138.225 Summary affirmation.
In reviewing the judgment of any court under ORS 138.010 to 138.310, the Court
of Appeals, on its own motion or on the motion of the respondent, may summarily
affirm, without oral argument, the judgment after submission of the appellant’s
brief and without submission of the respondent’s brief if the court finds that
no substantial question of law is presented by the appeal. Notwithstanding ORS
2.570, the Chief Judge of the Court of Appeals may deny or, if the petitioner
does not oppose the motion, grant a respondent’s motion for summary
affirmation. A dismissal of appeal under this section constitutes a decision
upon the merits of the appeal. [1995 c.295 §2]
138.227 Vacation of judgment and remand.
(1) Upon joint motion of the parties to an appeal in a criminal action, the
court may vacate the judgment or order from which the appeal was taken and
remand the matter to the trial court to reconsider the judgment or order, or
any order entered by the trial court. Upon remand, the trial court shall have
jurisdiction to enter a revised judgment or order.
(2)
After entry of a modified judgment or order on reconsideration, or upon reentry
of the original judgment or order, either party may appeal in the same time and
manner as an appeal from the original judgment or order. [1995 c.295 §3]
138.230 Rulings in discretion of court and
technical defects as grounds for reversal.

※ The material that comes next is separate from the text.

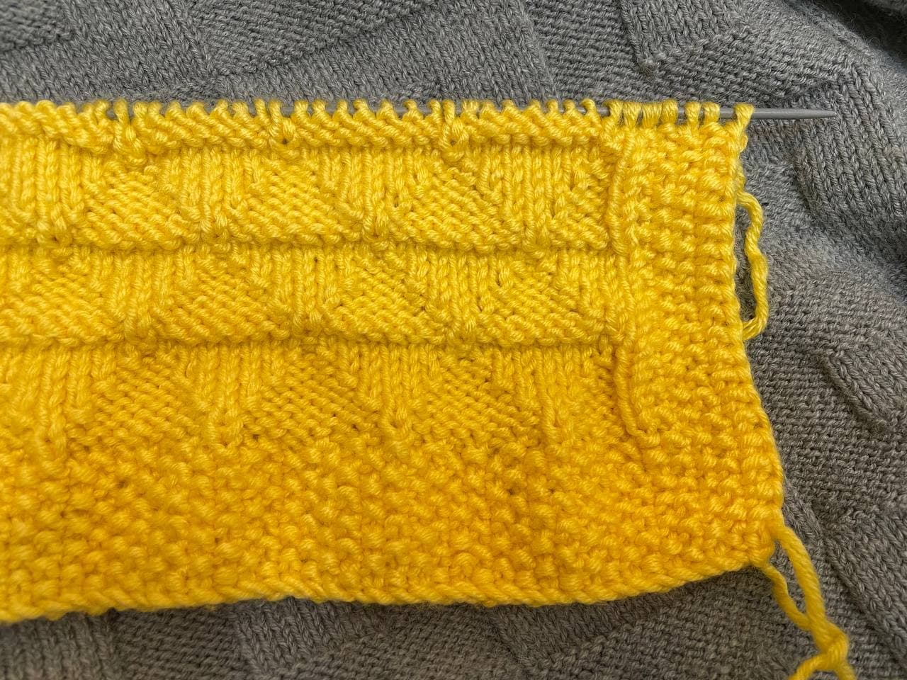 В итоге получается дорожка из 5 петель изнаночной глади и дорожка из 13 петель узора.

After
hearing the appeal, the court shall give judgment, without regard to the
decision of questions which were in the discretion of the court below or to
technical errors, defects or exceptions which do not affect the substantial
rights of the parties.
138.240 Judgments appellate court may
give. The appellate court may reverse, affirm
or modify the judgment or order appealed from and shall, if necessary or
proper, order a new trial.
138.250 New trial to be in court below; reversal
without new trial. When a new trial is ordered, it
shall be directed to be had in the court below; and if a judgment against a
defendant is reversed without ordering a new trial, the appellate court shall
direct, if the defendant is in custody, that the defendant be discharged therefrom, or if the defendant has been released, that the
release agreement be exonerated, or if a security release has been entered
into, that the security be refunded to the defendant or the sureties of the defendant.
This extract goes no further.